Dataset section —
'''

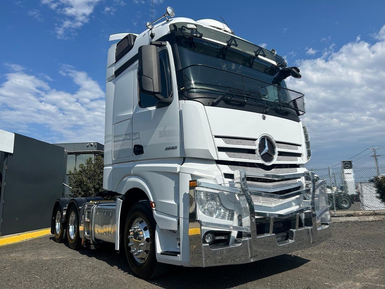 *~\r\nCHOICE OF 2 *~\r\n 2020 Mercedes-Benz Actros 2658 6x4 prime mover, 16ltr M-Benz engine, auto transmission, M-Benz diffs, 90 tonne rated, integrated sleeper cab with viesa cooler, alloy bullbar, alloy rims, excellent cond ex one owner trucks with full service history , comes with Vic RWC & 3 months driveline warranty !
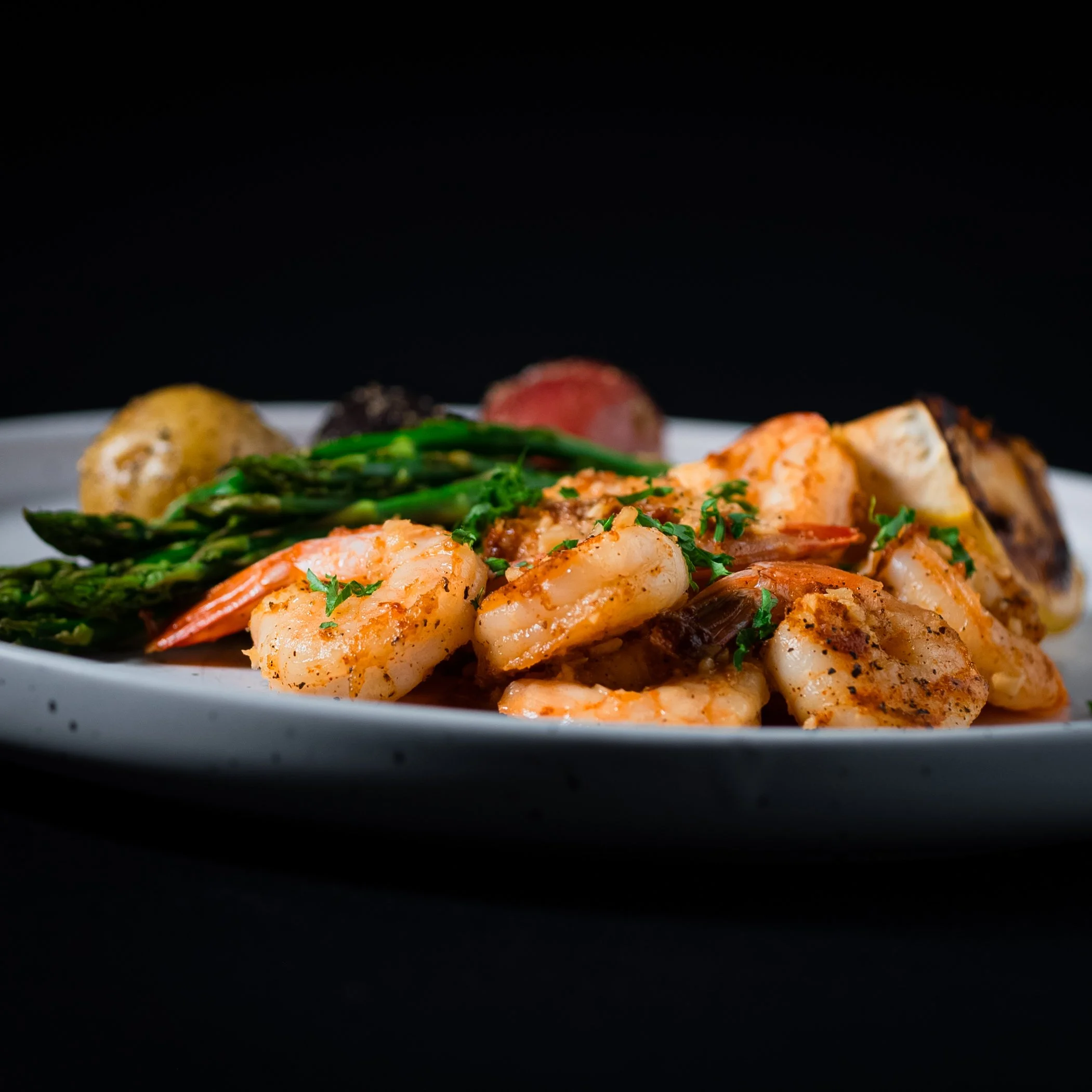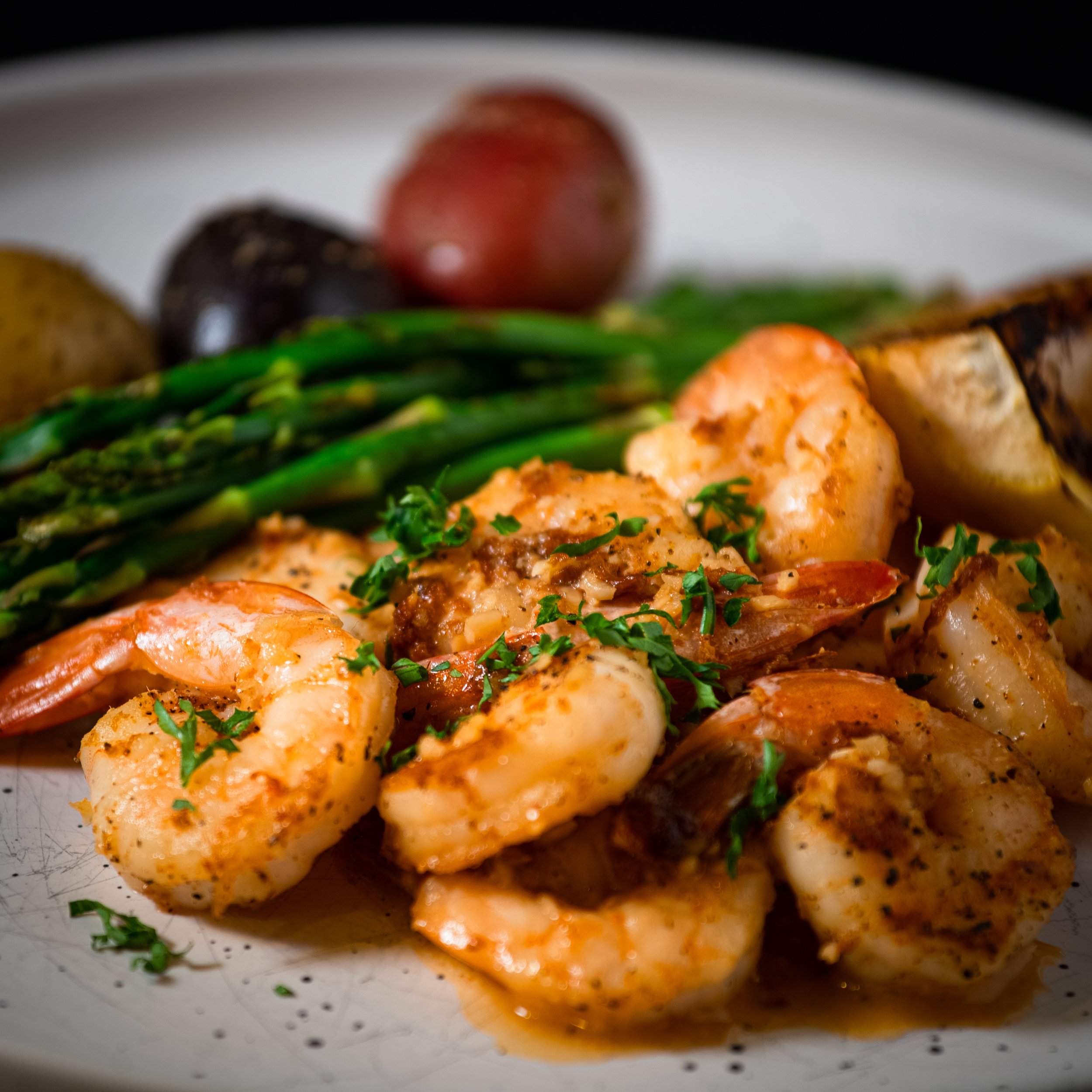 Perfectly pan-seared shrimp with soft, herbed baby potatoes, seasoned roasted asparagus, and a garnish of parsley.
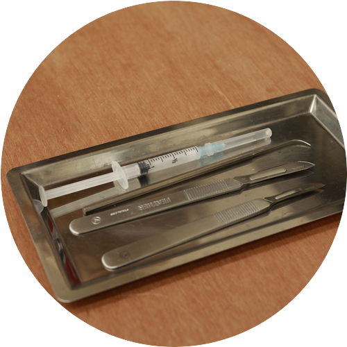 有機溶剤を使うこともあるので、排気ダクトを備えています。病院や理科室、図工室で見かけるような注射器やピンセット、顕微鏡などの器具もありますね。

'''

Work task — Everything in the material above should be reproduced exactly, except the pictures.

Task solution —
 *~\r\nCHOICE OF 2 *~\r\n 2020 Mercedes-Benz Actros 2658 6x4 prime mover, 16ltr M-Benz engine, auto transmission, M-Benz diffs, 90 tonne rated, integrated sleeper cab with viesa cooler, alloy bullbar, alloy rims, excellent cond ex one owner trucks with full service history , comes with Vic RWC & 3 months driveline warranty !
 Perfectly pan-seared shrimp with soft, herbed baby potatoes, seasoned roasted asparagus, and a garnish of parsley.
 有機溶剤を使うこともあるので、排気ダクトを備えています。病院や理科室、図工室で見かけるような注射器やピンセット、顕微鏡などの器具もありますね。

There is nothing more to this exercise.